Федор Михайлович Достоевский (глава из "Дневника писателя", апрель 1876)
ПАРАДОКСАЛИСТ
Кстати, насчет войны и военных слухов. У меня есть один знакомый парадоксалист. Я его давно знаю. Это человек совершенно никому не известный и характер странный: он мечтатель. Об нем я непременно поговорю подробнее. Но теперь мне припомнилось, как однажды, впрочем уже несколько лет тому, он раз заспорил со мной о войне. Он защищал войну вообще и, может быть, единственно из игры в парадоксы. Замечу, что он "статский" и самый мирный и незлобивый человек, какой только может быть на свете и у нас в Петербурге.
- Дикая мысль, - говорил он, между прочим, - что война есть бич для человечества. Напротив, самая полезная вещь. Один только вид войны ненавистен и действительно пагубен: это война междоусобная, братоубийственная. Она мертвит и разлагает государство, продолжается всегда слишком долго и озверяет народ на целые столетия. Но политическая, международная война приносит лишь одну пользу, во всех отношениях, а потому совершенно необходима.

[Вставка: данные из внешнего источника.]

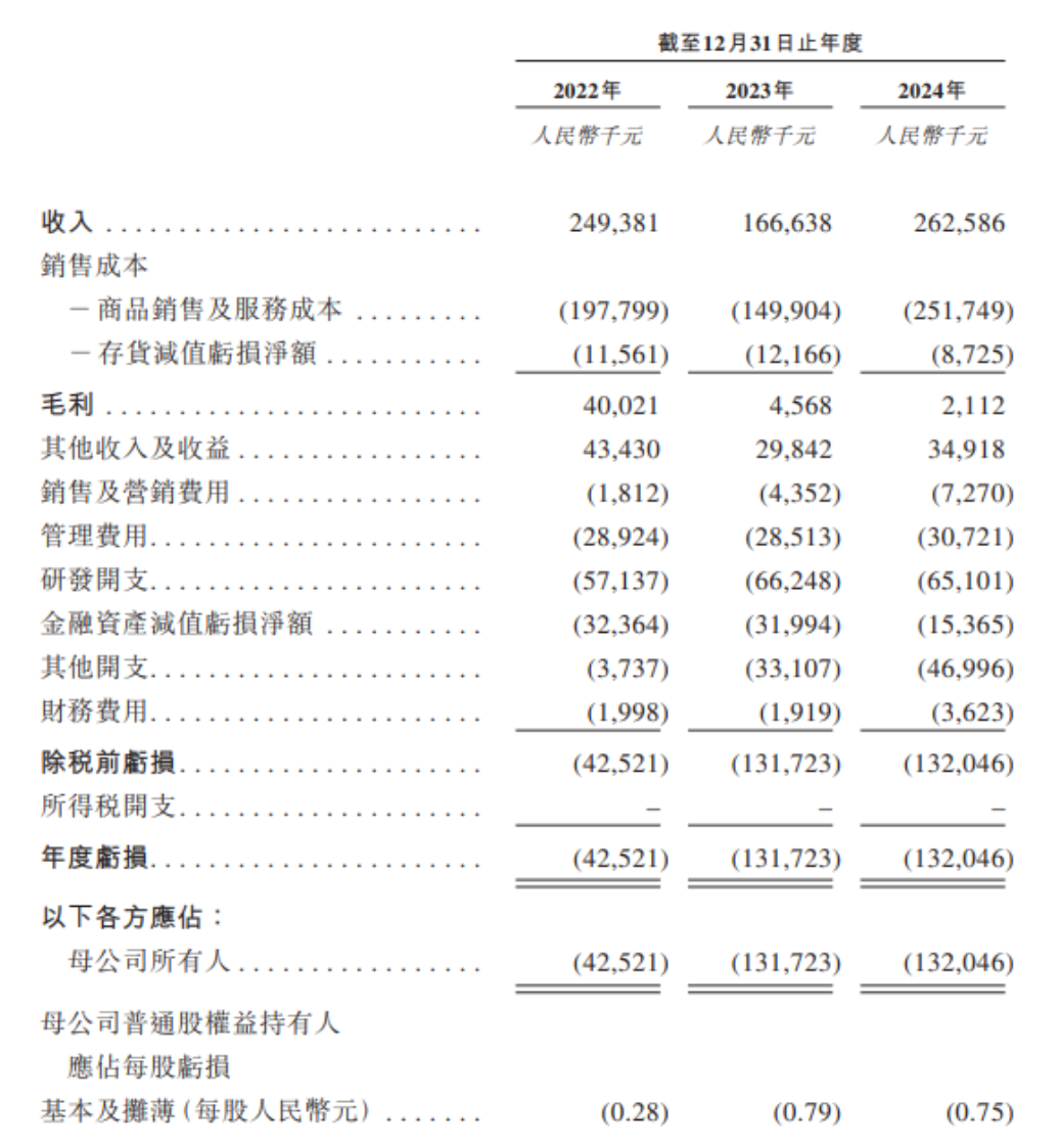 招股书显示,2022年、2023年、2024年,公司经营现金流出净额分别为2.26亿元、1.13亿元、1.40亿元,主要由于大量销售成本及研发开支带来的除税前亏损。

- Помилуйте, народ идет на народ, люди идут убивать друг друга, что тут необходимого?
- Всё и в высшей степени. Но, во-первых, ложь, что люди идут убивать друг друга: никогда этого не бывает на первом плане, а, напротив, идут жертвовать собственною жизнью - вот что должно стоять на первом плане. Это же совсем другое. Нет выше идеи, как пожертвовать собственною жизнию, отстаивая своих братьев и свое отечество или даже просто отстаивая интересы своего отечества. Без великодушных идей человечество жить не может, и я даже подозреваю, что человечество именно потому и любит войну, чтоб участвовать в великодушной идее. Тут потребность.
- Да разве человечество любит войну?
- А как же? Кто унывает во время войны? Напротив, все тотчас же ободряются, у всех поднят дух, и не слышно об обыкновенной апатии или скуке, как в мирное время. А потом, когда война кончится, как любят вспоминать о ней, даже в случае поражения! И не верьте, когда в войну все, встречаясь, говорят друг другу, качая головами: "Вот несчастье, вот дожили!" Это лишь одно приличие. Напротив, у всякого праздник в душе. Знаете, ужасно трудно признаваться в иных идеях: скажут, - зверь, ретроград, осудят; этого боятся. Хвалить войну никто не решится.
- Но вы говорите о великодушных идеях, об очеловечении. Разве не найдется великодушных идей без войны? Напротив, во время мира им еще удобнее развиться.
- Совершенно напротив, совершенно обратно. Великодушие гибнет в периоды долгого мира, а вместо него являются цинизм, равнодушие, скука и много - много что злобная насмешка, да и то почти для праздной забавы, а не для дела. Положительно можно сказать, что долгий мир ожесточает людей. В долгий мир социальный перевес всегда переходит на сторону всего, что есть дурного и грубого в человечестве, - главное к богатству и капиталу. Честь, человеколюбие, самопожертвование еще уважаются, еще ценятся, стоят высоко сейчас после войны, но чем дольше продолжается мир - все эти прекрасные великодушные вещи бледнеют, засыхают, мертвеют, а богатство, стяжание захватывают всё. Остается под конец лишь одно лицемерие - лицемерие чести, самопожертвования, долга, так что, пожалуй, их еще и будут продолжать уважать, несмотря на весь цинизм, но только лишь на красных словах для формы. Настоящей чести не будет, а останутся формулы. Формулы чести - это смерть чести. Долгий мир производит апатию, низменность мысли, разврат, притупляет чувства. Наслаждения не утончаются, а грубеют. Грубое богатство не может наслаждаться великодушием, а требует наслаждений более скоромных, более близких к делу, то есть к прямейшему удовлетворению плоти. Наслаждения становятся плотоядными. Сластолюбие вызывает сладострастие, а сладострастие всегда жестокость. Вы никак не можете всего этого отрицать, потому что нельзя отрицать главного факта: что социальный перевес во время долгого мира всегда под конец переходит к грубому богатству.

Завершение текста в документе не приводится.